According to Figure 8(a), the F1 values of GA-CNN, NB-VP, HS-CNN, and PSO algorithms were 98.87, 95.54, 90.76, and 89.78%, respectively. The F1 value formula is the harmonic mean of accuracy and recall, used to comprehensively evaluate the accuracy and recall of algorithms. The larger the F1 value, the stronger the overall performance of the algorithm. As shown in Figure 8(a), the highest F1 value of the proposed GA-CNN algorithm indicated that the algorithm performed better in accuracy and recall. From Figure 8(b), the loss function values of the four algorithms decreased with the increase of iteration times. When the iteration number reached 40, the loss function value of the GA-CNN algorithm stabilized to 0.001, the final loss function value of the NB-BP algorithm also stabilized to 0.003, the HS-CNN algorithm was 0.005, and the PSO algorithm was 0.013. From this result, it can be concluded that the F1 value of the GA-CNN algorithm is optimal, indicating that the GA-CNN algorithm has a good balance performance between accuracy and recall. If the loss function value of the GA-CNN algorithm is the lowest, it means that the difference between the predicted results and the actual results of the algorithm is smaller, indicating that the performance of this algorithm is better than other algorithms. Therefore, the F1 value and loss function value of the GA-CNN algorithm were superior to other algorithms among the four algorithms. After a series of experimental analysis, it was known that the accuracy, stability, and other performance aspects of the GA-CNN algorithm proposed in this study were all optimal.

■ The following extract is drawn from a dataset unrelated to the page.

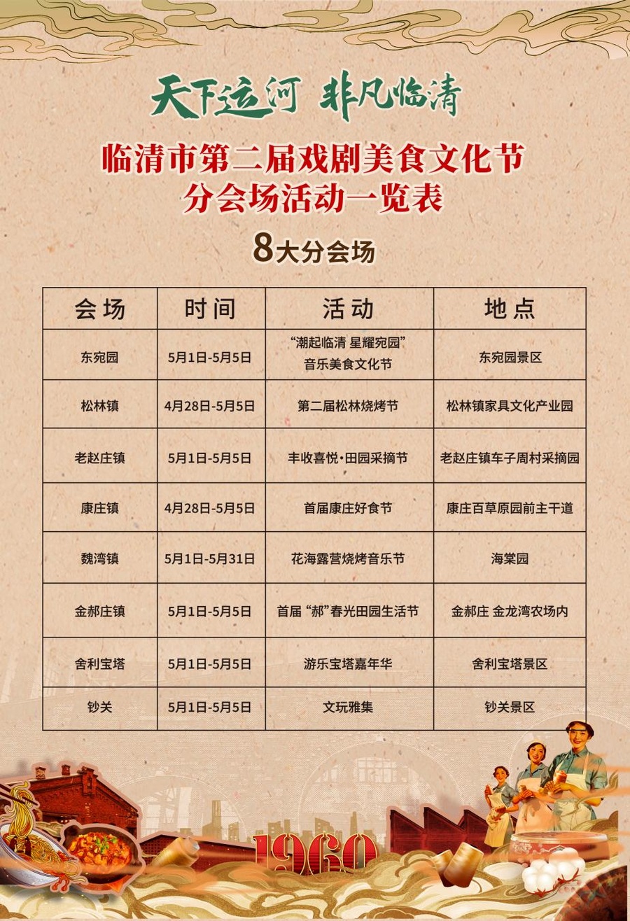 据了解,不同于往年单个点位的活动,临清市首次将美食文化节铺到了全城。活动以国棉厂为主会场,同时设立东宛园景区、运河钞关、舍利宝塔、松林镇、老赵庄镇、康庄镇、魏湾镇、金郝庄镇等八大分会场,以更多彩的文化荟萃,更丰富的乡土风情,更精妙的戏剧表演,更地道的美食盛宴,更全新的活动体验,为市民和游客带来一场视觉、听觉、味觉的饕餮文旅大餐,带来一次全方位的文旅体验之旅。

3.2 Analysis of the effect of intelligent color-matching learning model

Subsequently, comparative experiments were conducted on the intelligent color-matching learning model, including the GA-CNN algorithm-based, the NB-BP algorithm-based, the HS-CNN algorithm-based, and the PSO algorithm-based intelligent color-matching models. During the experiment, color-matching data of various clothing, gauze, and other materials from a large textile factory were selected as the experimental dataset. The intelligent color-matching model first used cameras and sensors to capture information about various materials in the textile factory, transmitted the obtained images to the model, analyzed the image information using the intelligent color-matching model, and performed color matching. Finally, the simulated colors of the model were compared with the actual colors. The accuracy, error rate, stability, matthews correlation coefficient (MCC), and color difference of textiles after using the color-matching model were tested. The accuracy and error rates of the four models are shown in Figure 9.

Figure 9 
                  Comparison of accuracy and error rates of four models. (a) and (b) F1 value of each algorithm.
Figure 9

Comparison of accuracy and error rates of four models. (a) and (b) F1 value of each algorithm.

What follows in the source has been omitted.